Outputs the player's Size, Speed, Explosive, and Agility scores.

In [28]:
player_scores = pos_group_data.loc[player_name,
                                   "Size Score":"Agility Score"]
player_scores

Size Score          22.8
Speed Score        91.49
Explosive Score    72.55
Agility Score      98.23
Name: Odell Beckham Jr., dtype: object

Calculate the Athletic Score.

In [29]:
pos_group_data["Athletic Score"] = pos_group_data[["Size Score", "Speed Score", "Explosive Score", "Agility Score"]].mean(axis=1)

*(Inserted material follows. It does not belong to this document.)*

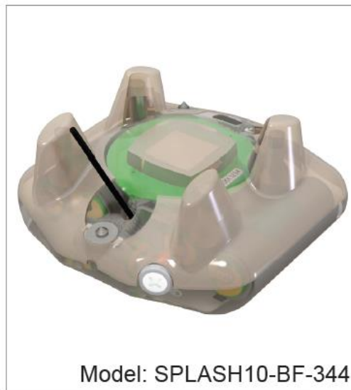
Figura ilustrativa do modelo de transmissor da © Wildlife Computers

athletic_scores = pos_group_data["Athletic Score"].dropna().to_numpy()

pos_group_data["Athletic Score"] = pos_group_data["Athletic Score"].map(
    lambda x: stats.percentileofscore(athletic_scores, x))
pos_group_data["Athletic Score"] = pos_group_data["Athletic Score"].apply(
    lambda x: 0 if pos_group_data.loc[player_name, "40yd":"Shuttle"].isna().sum() > 4 else x)

pos_group_data["Athletic Score"] = pos_group_data["Athletic Score"].round(2)

Output the player's Athletic Score.

In [30]:
athletic_score = pos_group_data.loc[player_name, "Athletic Score"]
print(f"{player_name} is a top {athletic_score}% athlete at the {player_data['Pos']} position.")

Odell Beckham Jr. is a top 86.64% athlete at the WR position.